• **REQUIRED WORK**
Range to reproduce from the entries below: the line with "Red Christmas Coffee", the line with "На трасі Київ-Чоп", and every line in between. Give them exactly and give nothing else.

• **RECORDS SHOWN**

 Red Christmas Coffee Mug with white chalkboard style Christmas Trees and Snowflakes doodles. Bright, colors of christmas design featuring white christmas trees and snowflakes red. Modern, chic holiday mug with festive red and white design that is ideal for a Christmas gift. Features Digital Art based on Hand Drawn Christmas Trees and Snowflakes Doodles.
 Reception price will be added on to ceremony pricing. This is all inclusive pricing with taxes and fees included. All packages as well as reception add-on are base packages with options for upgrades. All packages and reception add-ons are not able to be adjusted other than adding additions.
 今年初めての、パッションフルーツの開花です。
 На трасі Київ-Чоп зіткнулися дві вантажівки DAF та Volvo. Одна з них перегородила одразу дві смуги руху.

---

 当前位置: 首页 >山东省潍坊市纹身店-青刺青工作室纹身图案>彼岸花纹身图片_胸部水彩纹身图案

==

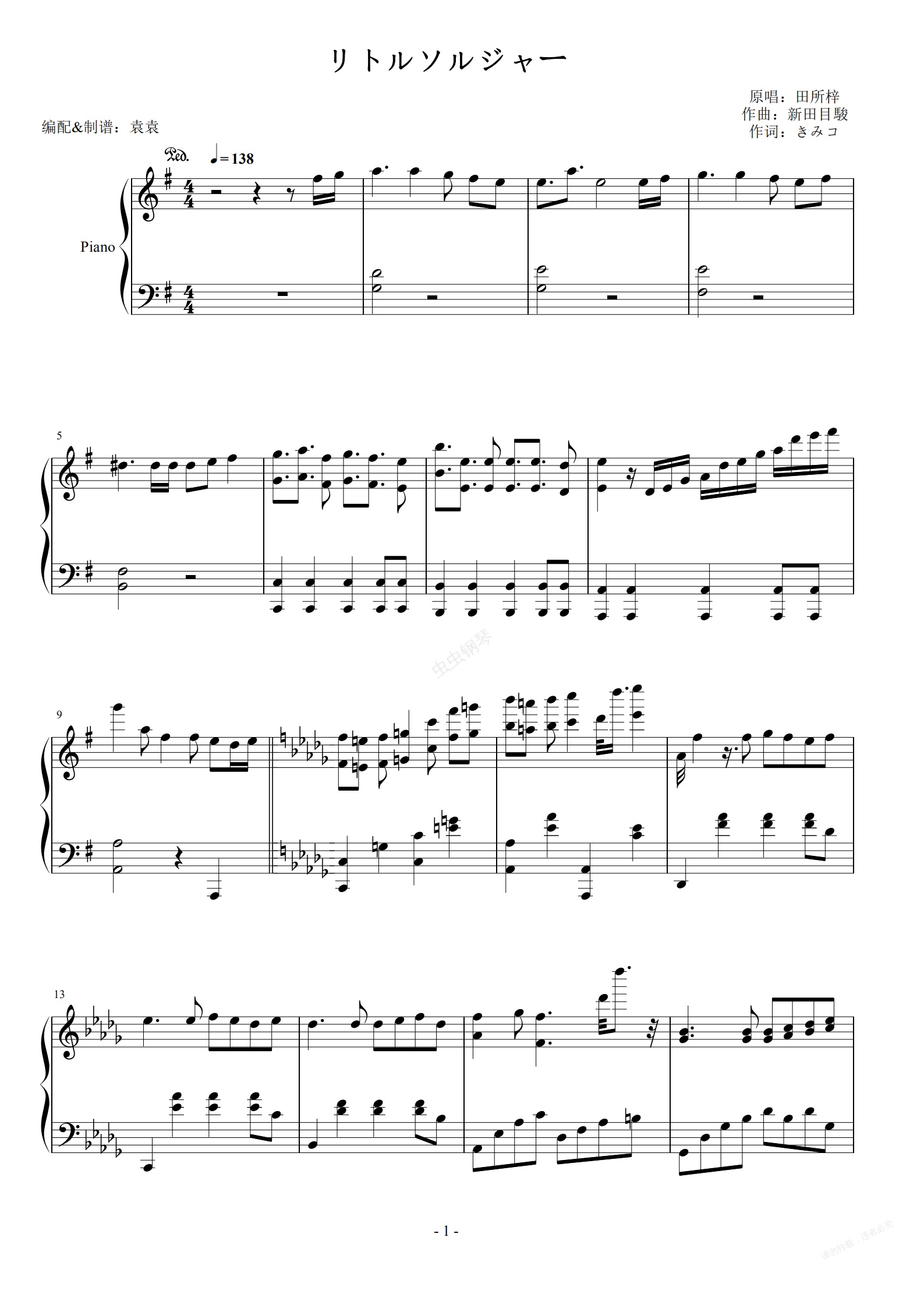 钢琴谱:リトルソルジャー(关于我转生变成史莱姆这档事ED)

• **YOUR RESPONSE**
 Red Christmas Coffee Mug with white chalkboard style Christmas Trees and Snowflakes doodles. Bright, colors of christmas design featuring white christmas trees and snowflakes red. Modern, chic holiday mug with festive red and white design that is ideal for a Christmas gift. Features Digital Art based on Hand Drawn Christmas Trees and Snowflakes Doodles.
 Reception price will be added on to ceremony pricing. This is all inclusive pricing with taxes and fees included. All packages as well as reception add-on are base packages with options for upgrades. All packages and reception add-ons are not able to be adjusted other than adding additions.
 今年初めての、パッションフルーツの開花です。
 На трасі Київ-Чоп зіткнулися дві вантажівки DAF та Volvo. Одна з них перегородила одразу дві смуги руху.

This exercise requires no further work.